Ty frowned. “Dad was there with Noreen?”
Dana Sue nodded. “Don’t make a big deal out of it, Ty. I’m sure your dad was there to lend his support to Cal. And I’m also sure he was very proud of the way you spoke up.”
Annie gave Ty a look that Maddie recognized as hero worship. She was barely a year younger than Ty, and there was no mistaking her feelings for him—and the fact that he was oblivious to them. Maddie hoped he wouldn’t inadvertently hurt Annie’s tender heart one of these days.
“You got up in front of everybody and made a speech?” Annie asked him with awe.
“It was no big deal,” Ty said.
“It was a big deal to me,” Cal corrected. “And I think it impressed the board, too.”
Grace returned then with their milk shakes and the burgers for Cal and Ty, then looked at Kyle. “Burger and shake for you, I imagine.”
“You bet,” Kyle said eagerly.
Then Grace turned to Annie. “What about you, young lady? You want a milk shake, too?”
Maddie watched Dana Sue observe her daughter with bated breath as she waited for Annie’s answer.
“No, it’s late,” Annie sai
d eventually. “I’ll just have some water with lemon.”
“Come on, Annie,” Dana Sue encouraged. “It’s a celebration. Have something more than that.”
Annie scowled at her mother. “I don’t want anything else,” she said forcefully. “Maybe you can eat this late but I can’t.”

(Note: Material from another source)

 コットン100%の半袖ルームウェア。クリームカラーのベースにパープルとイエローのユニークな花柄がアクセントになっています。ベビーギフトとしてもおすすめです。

“That’s okay,” Helen said, stepping in before the battle of wills could escalate. “Annie’s right. I’ll probably be up half the night if I finish this entire milk shake.” She deliberately pushed it away, though she’d taken only a few sips.

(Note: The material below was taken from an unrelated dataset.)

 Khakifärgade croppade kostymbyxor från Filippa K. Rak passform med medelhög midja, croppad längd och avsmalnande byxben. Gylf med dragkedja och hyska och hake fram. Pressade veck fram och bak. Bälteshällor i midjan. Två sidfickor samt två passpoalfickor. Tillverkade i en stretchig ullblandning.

Dana Sue sighed, but she let the subject drop.
Maddie’s gaze kept drifting toward Annie as they sat there. She barely touched her water, but her conversation was animated. In most ways, she seemed like a perfectly healthy teenager, but Maddie wasn’t convinced that Dana Sue wasn’t right to worry about her. Something wasn’t entirely right.
Cal leaned closer. “Stop worrying,” he whispered in her ear.

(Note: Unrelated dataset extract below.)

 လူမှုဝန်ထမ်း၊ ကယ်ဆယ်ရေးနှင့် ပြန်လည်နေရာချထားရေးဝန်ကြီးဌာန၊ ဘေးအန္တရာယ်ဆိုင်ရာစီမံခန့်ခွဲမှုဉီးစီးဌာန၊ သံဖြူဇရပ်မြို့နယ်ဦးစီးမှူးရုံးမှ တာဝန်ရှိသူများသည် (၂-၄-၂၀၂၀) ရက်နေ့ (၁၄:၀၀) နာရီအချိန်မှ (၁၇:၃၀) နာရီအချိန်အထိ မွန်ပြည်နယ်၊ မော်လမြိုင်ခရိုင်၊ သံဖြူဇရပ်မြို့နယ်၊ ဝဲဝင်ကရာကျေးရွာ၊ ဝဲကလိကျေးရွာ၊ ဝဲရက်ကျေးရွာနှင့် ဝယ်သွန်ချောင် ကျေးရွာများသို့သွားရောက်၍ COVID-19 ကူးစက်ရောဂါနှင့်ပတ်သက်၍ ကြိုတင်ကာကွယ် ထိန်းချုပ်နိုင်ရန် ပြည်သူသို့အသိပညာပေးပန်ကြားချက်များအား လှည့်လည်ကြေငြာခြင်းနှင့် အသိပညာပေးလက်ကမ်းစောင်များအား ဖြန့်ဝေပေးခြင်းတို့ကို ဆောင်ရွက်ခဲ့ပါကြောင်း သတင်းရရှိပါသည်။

She regarded him with surprise. “What makes you think I’m worrying?”
“I can see the way you’re watching Annie and I can practically hear those wheels in your head grinding away,” he told her. “Dana Sue’s on top of this.”
“You think so?”
He nodded. “And she has all of you for backup if she needs it.”
“Then you think there’s a problem, too?” she said, meeting his gaze.
Cal didn’t deny it. Instead, he merely said, “It’s nothing that’s going to be solved tonight, okay?”
Maddie nodded. But first chance she had, she was going to do some research on eating disorders and pass it along to Dana Sue. Maybe they were all wrong, but she would hate herself if they did nothing and something bad happened to that beautiful child.
21
It was midafternoon the next day before Maddie had a chance to take a break from work. They’d been overwhelmed with new members in the morning. Apparently word of Cal’s exoneration had spread, and now everyone, including a couple of those who’d walked out on Monday, wanted to join The Corner Spa. Helen had cynically suggested that they were hoping to achieve the same results Maddie had, since she’d so obviously toned up lately and managed to snag herself a hunk like Cal.